Task brief:
Give all the lines below again, exactly, with no pictures.

Material provided:

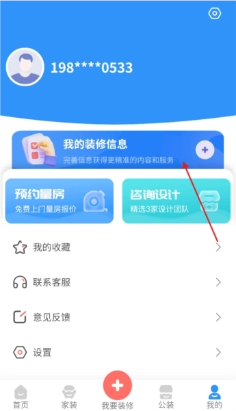 2、账号注册:打开,通过手机号完成注册登录,完善个人装修需求信息。
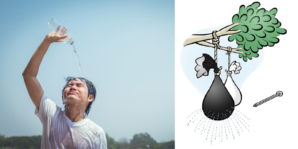 Gör så här: Vira den blöta tidningen runt flaskan. Lägg flaskan med tidningen i solen. När tidningen är torr, ta bort tidningen och häll upp ett glas vatten. Voilá – det är kallare!
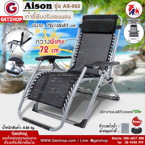Getzhop เก้าอี้ปรับเอนนอนได้ เก้าอี้พับ เก้าอี้พักผ่อน Aison ขนาดกว้าง 72 cm.ขา Silver รุ่นผ้าโปร่ง (สีดำ)

Answer for the task:
 2、账号注册:打开,通过手机号完成注册登录,完善个人装修需求信息。
 Gör så här: Vira den blöta tidningen runt flaskan. Lägg flaskan med tidningen i solen. När tidningen är torr, ta bort tidningen och häll upp ett glas vatten. Voilá – det är kallare!
Getzhop เก้าอี้ปรับเอนนอนได้ เก้าอี้พับ เก้าอี้พักผ่อน Aison ขนาดกว้าง 72 cm.ขา Silver รุ่นผ้าโปร่ง (สีดำ)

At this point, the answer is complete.